0

Background: I come from many years of Oracle experience. About 3 years ago, started down the distributed path with Cassandra/DSE. I have a very good grasp on Cassandra. Over the past month, I have heard cockroachdb mentioned several times. So now, as I'm familiar with cassandra, I get thrown this curve ball to look at. cockroachdb sounds a lot like cassandra in how it writes - with the client CL of QUORUM (I don't believe cockroachdb uses immutable files, however, but more like a RDBMS with physical rows (kv pairs)). That being said, I also understand very well how Cassandra reads data - but there isn't any real good documentation/videos/discussions on the reading mechanics of cockroachdb.
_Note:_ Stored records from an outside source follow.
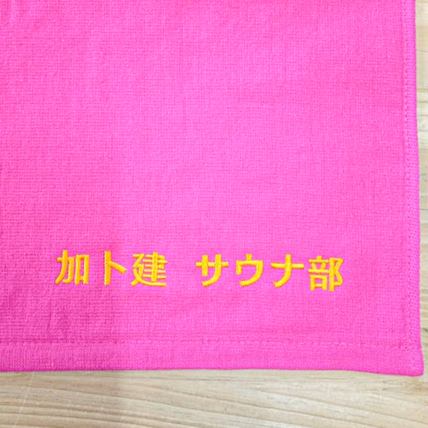 お持込みのタオルへのネーム刺繍です。ノベルティ用としてご依頼いただきました。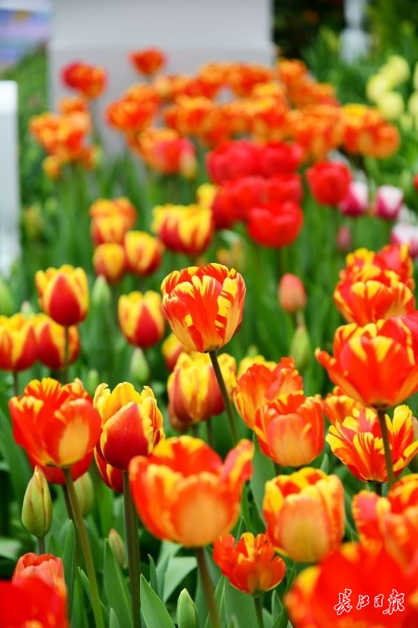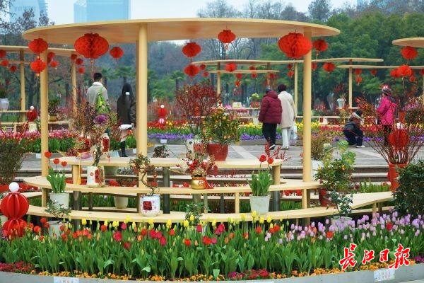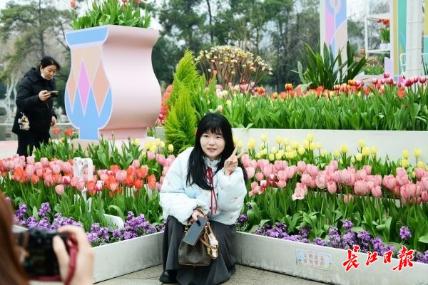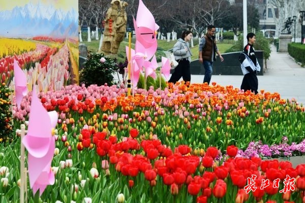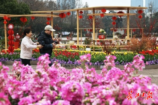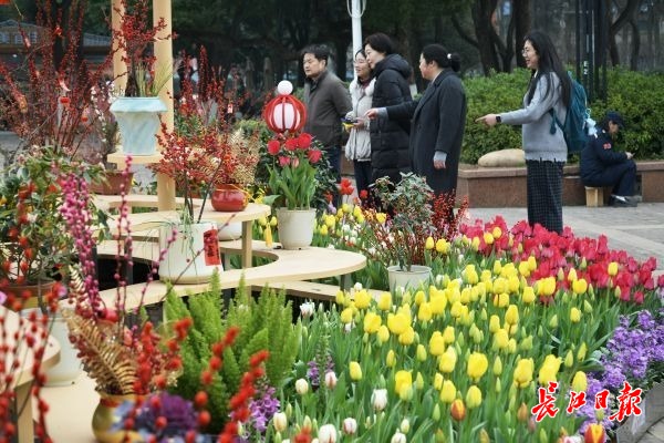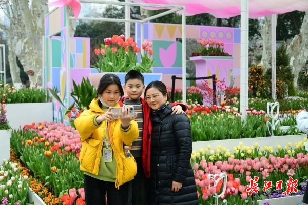 2月15日,中山公园新春郁金香花展上,众多市民来到这里游玩,本次郁金香花展共展出两万余株不同品种的郁金香,市民在郁金香花海中流连忘返。园区蜡梅和各色梅花也绚丽绽放,让人们感受到浓浓春意。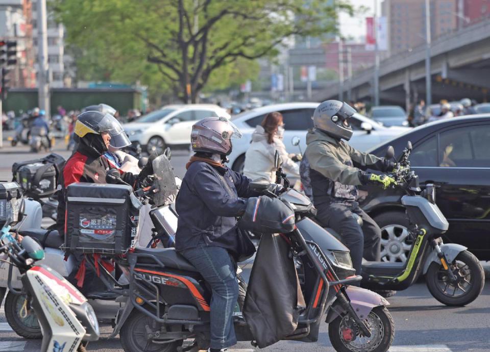 4月23日,东三环中路辅路双井桥下,电动车骑行者佩戴头盔出行。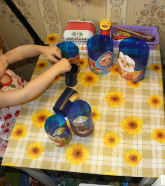 и приклеила их на горячий клей и заготовкам, заготовки быди сднланы из обычной папки для хранения бумаг первый цилиндр самый большой второй меньше и ниже на 1 см и так все! дна нет, для удобства!Можно поднимать первую матрешку и так достать все!
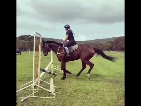 This boy would make a nice riding horse, this boy is a lovely mover and has shown ability to jump, however will need an experienced rider as he is straight off the track and has had a long racing career.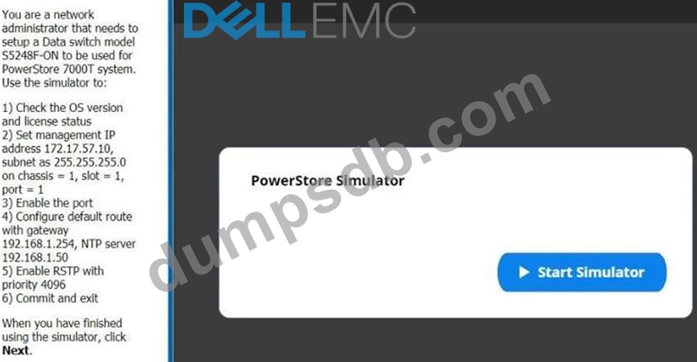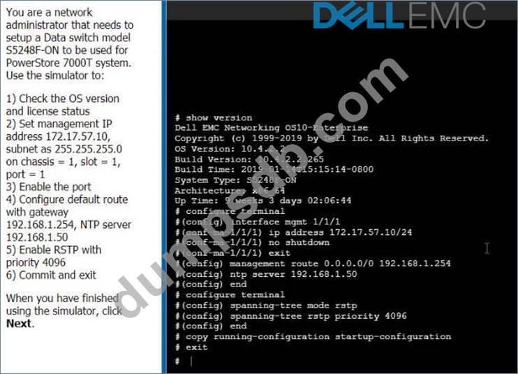 You are a network administrator that needs to setup a Data switch model S5248F-ON to be used for PowerStore 7000T system Use the Simulator to: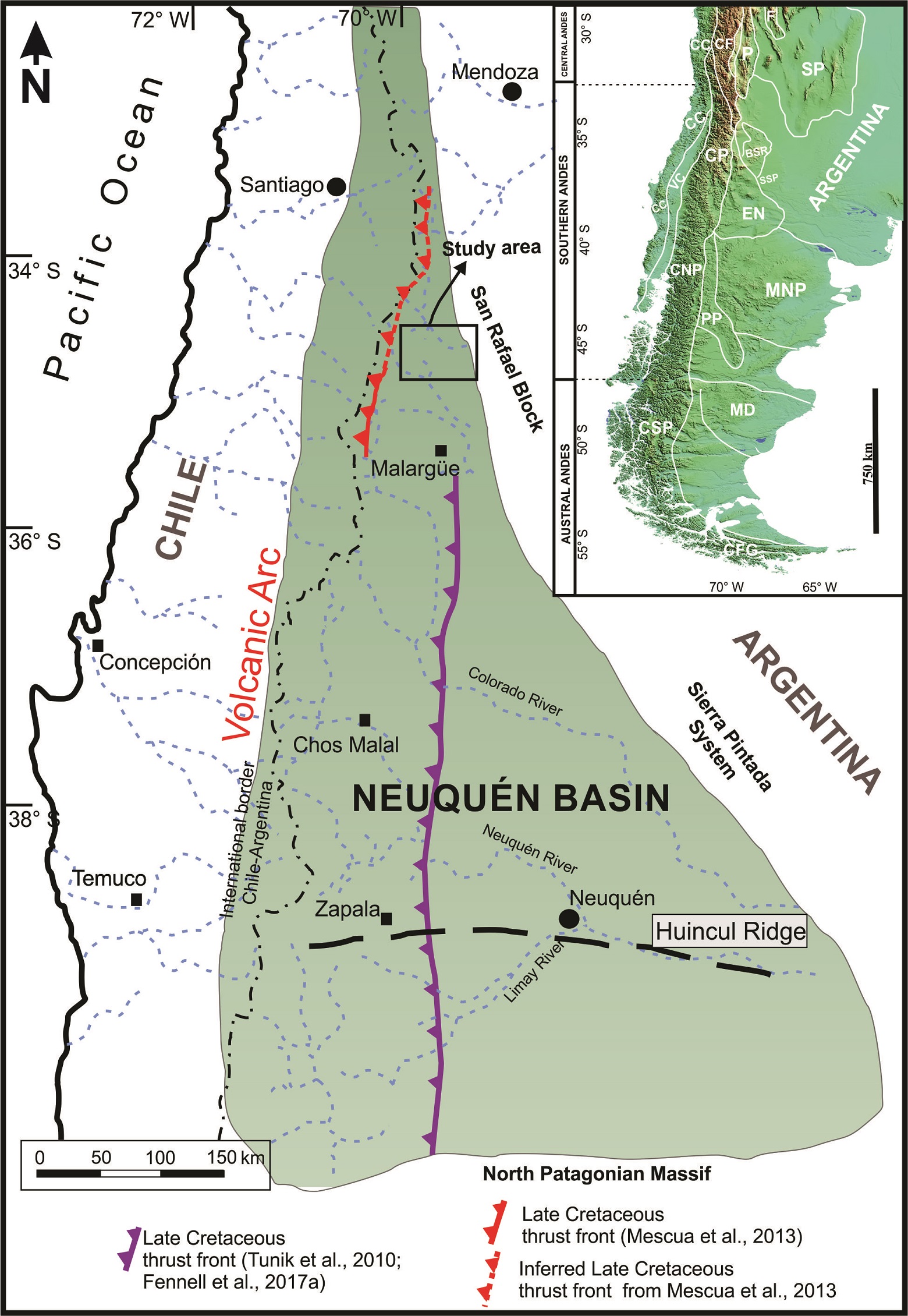 The basement of the basin is known as the Choiyoi Group, a Permian-Triassic rhyolitic-dacitic rock sequence interbedded with clastic successions. This unit represents the transition from a magmatic arc setting towards an extensional within-plate regime along the southwestern Gondwana margin (Llambías et al., 2003; Martínez and Giambiagi, 2010; Fennell et al., 2017a). The infill of the basin started in the Late Triassic-Lower Jurassic with the development of isolated hemigrabens controlled by normal faults. Synrift deposits consist of volcanic, volcaniclastic and sedimentary rock successions deposited in a series of isolated depocenters (Legarreta and Gulisano, 1989; Cristallini et al., 2009; Giambiagi et al., 2009). With the connection of these isolated depocenters, the Early Jurassic records the first marine transgression from the Pacific. The full cycle is represented in the basin by the intercalation of marine sandstones, shales and evaporites (Gulisano and Gutiérrez Pleimling, 1994). A second transgressive-regressive cycle took place in the Late Jurassic-Early Cretaceous and is represented by sedimentary rock sequences included in the Mendoza and Bajada del Agrio Groups. The Titho-Neocomian Mendoza Group includes different units composed by marine organic black shales rich in organic matter, thinly laminated limestones and sandstones, grading-up and interfingering with nonmarine redbeds and evaporites of the Bajada del Agrio Group (Tunik et al., 2010 and references therein). The Bajada del Agrio Group (Huitrín and Rayoso formations), marks the disconnection of the Neuquén Basin from the Pacific Ocean and the beginning of the continentalization of the basin (Leanza, 2003 among others). During the Late Cretaceous, the Neuquén Basin evolved into a foreland stage, reflected by the beginning of a new sedimentation cycle represented by sedimentary rocks of the Neuquén Group. The inception of a compressional regime in Late Cretaceous times, coincident with a major tectonic plate reorganization, controlled the Late Cretaceous to Cenozoic paleogeography (Somoza and Zaffarana, 2008; Tunik et al., 2010; Orts et al., 2012). A new transgression took place from latest Cretaceous to Paleocene times, this time from the Atlantic Ocean, which is represented by the sedimentary rocks of the Malargüe Group (Aguirre Urreta et al., 2011). The foreland basin stage was interrupted between late Oligocene and early Miocene times, but resumed in the middle Miocene, when the last major contractional stage became responsible for the final shaping of the Southern Central Andes at these latitudes (Fennell et al., 2017a and references therein).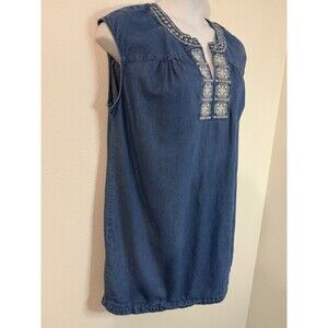 Knox Rose Womens Chambray Embroidered Tunic Sleeveless Dress XXL 65% Cotton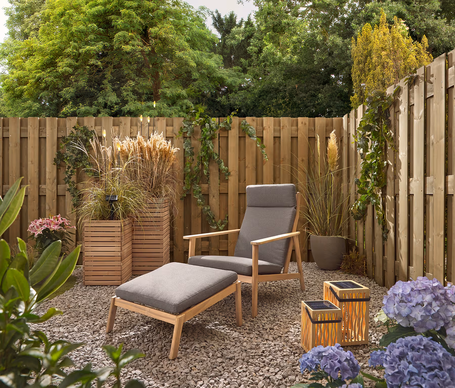 Pohodlné zahradní křeslo s vysokým opěradlem včetně podnožky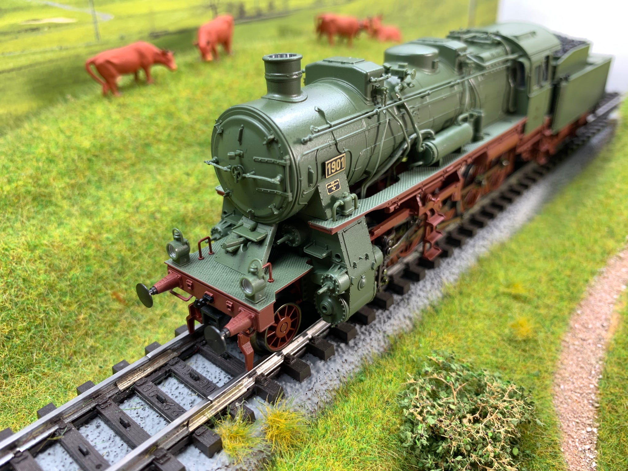 Prototype: Württemberg State Railways (W.St.E.) class G 12 steam freight locomotive. Olive green provincial railroad paint scheme. Road number 1901 built in 1919 under builder number 3865 by the Esslingen Machinery Company. The locomotive looks as it did when delivered around 1919.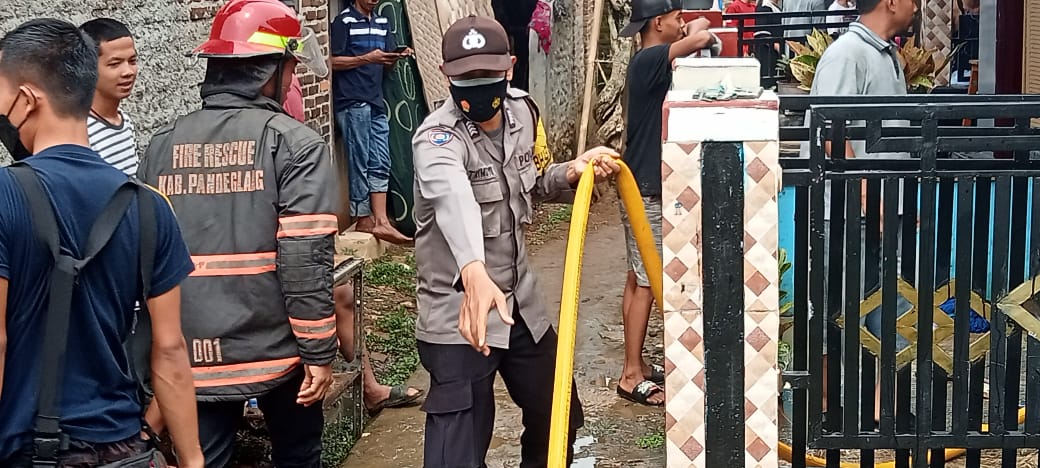 Atas kejadian ini, kapolsek Pandeglang Yang memimpin langsung ke TKP dengan pers piket siaga polsek Pandeglang dan tim pemadam kebakaran (Damkar) Kabupaten Pandeglang bersama warga bahu membahu untuk memadamkan kobaran api serta mengevakuasi keluarga korban dan barang milik korban ke tempat yang lebih aman.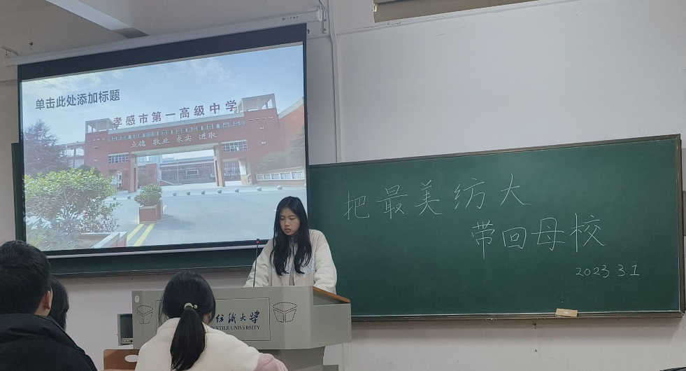 为充分发挥社会实践的育人功效,鼓励青年老员工爱校荣校、全面发展,为学校的宣传和招生贡献力量,2023年寒假,太阳集团tcy8722积极响应学校号召,组建多个实践队前往高中母校展开“把最美纺大带回母校”寒假社会实践活动。为展示寒假社会实践活动成果,加强各团队经验交流,学院于3月1日下午在7号教学楼111教室开展“把最美纺大带回母校”社会实践答辩活动。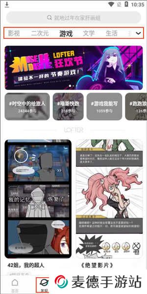2、发现功能中玩家能够与其他的用户一同参与有关影视、生活、游戏、二次元、文学等用户感兴趣的话题;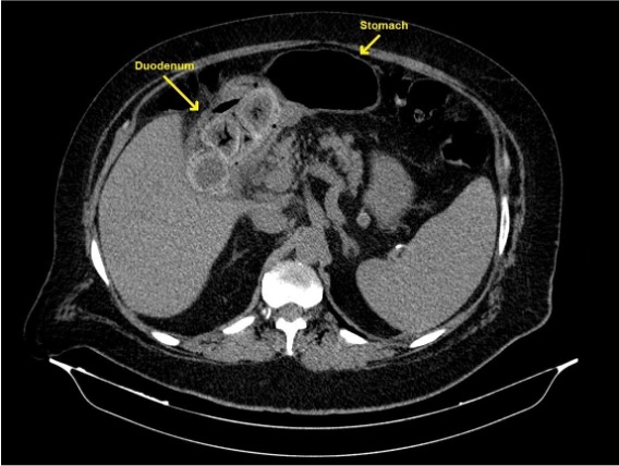 Figure 1: Unenhanced axial CT slice showing large gallstones impacted in the duodenum, causing gastric outlet obstruction (Bouveret syndrome). The gallbladder was contracted, suggesting that a cholecystoduodenal fistula had been formed, from which the stones passed to the duodenum.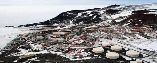 Рис. 11. «Столица белого континента» Мак-Мёрдо на острове Росса в одноименном море рядом с побережьем Антарктиды. Там постоянно проживает около 1300 чел., имеются 3 аэродрома, морской порт, большое количество колесного и гусеничного транспорта и прочей техники, 100 строений, в том числе электростанция, исследовательский центр, жилые здания, теплицы для выращивания овощей, установка для перерабатывания отходов, работают спутниковые телевизионные каналы и интернет [37]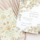 Este convite romântico de casamento abraça a elegância divertida da era Rococo, apresentando delicados florais pastéis, roldanas de ouro giratórias e florescimentos botânicos. O design inclui flores intricadamente ilustradas em tons de blush, lilás, azul-bebê e amarelo-macio, moldando o texto com movimentos graciosos e assimétricos. As costas mostram uma cor damasco floral coordenadora que adiciona riqueza e textura. Ideal para casamentos de conto de fadas, cerimônias de jardim, ou casais desenhados para encanto histórico e arte romântica. Personalize este convite para criar um anúncio de casamento gracioso e inesquecível.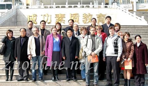俄罗斯客人在副校长孙利生的陪同下参观校园,客人们看到美丽的校园环境,纷纷拿出相机拍照留恋。参观校园后,校长赵作斌教授在六楼会议室会见了来访客人,副校长吴开胜代表学校向俄罗斯客人介绍了学校成功素质教育办学理念,学校在教育教学方面所做的改革和取得的成绩以及学校今后的发展方向等。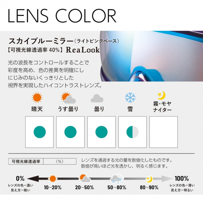 | 歪みの少ないワイドな視界が特長の平面レンズ。ハイコントラストレンズ「ReaLook / リアルック」により雪面の凹凸をしっかり捉えます。 |
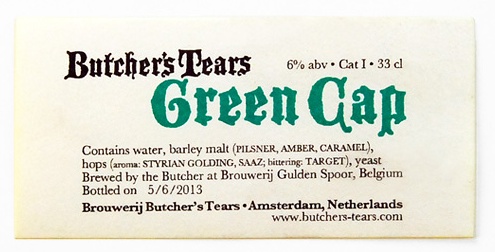 A Butcher’s Tears refere-se à Green Cap como sendo a pale ale original de Amesterdão. Não sei dizer se é um facto histórico ou apenas uma afirmação ousada de marketing, mas vou acreditar na palavra deles.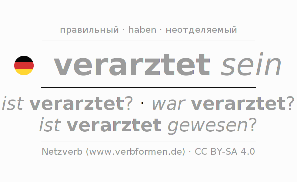 Глагольные таблицы, содержащие все формы глагола verarzten, для наглядности объединены в одну общую таблицу.

Let's assume this scenario:

3 nodes - a, b and c
RF=3
leader (node 'a') gets a write request
Writes to 2 nodes ('a' and 'b' - node 'c' is down)
leader acknowledges write
leader goes down (node 'a' is down) while node 'c' comes back up
leader becomes, say, node 'c'
read comes in for previously written data, above

As C didn't get the change, what is displayed to the client? Does it do quorum as well? If so, does it "fix" the data during the read?, etc. At some point, something "fixes" the data. In cassandra changes are stored for 3 hours before dropped (then repair has to be run). What about cockroachdb? How are "lost changes" sent to nodes that were unavailable.

I don't believe these levels of discussions are documented very well, or at least to me it isn't.

-Jim

Jim Wartnick
  • 1,974
  • 1
  • 9
  • 19

1 Answers1

1

You have confused your problem statement by not clearly defining when things happen -- it is not clear whether A dies before or after C has become a new leader.

The reason why this matters is that when node C comes back up, it won't be able to participate in leader elections unless it "catches ups" with the raft log, the history of committed writes so far. Until C has all the data that A and B had, it won't become the new leader.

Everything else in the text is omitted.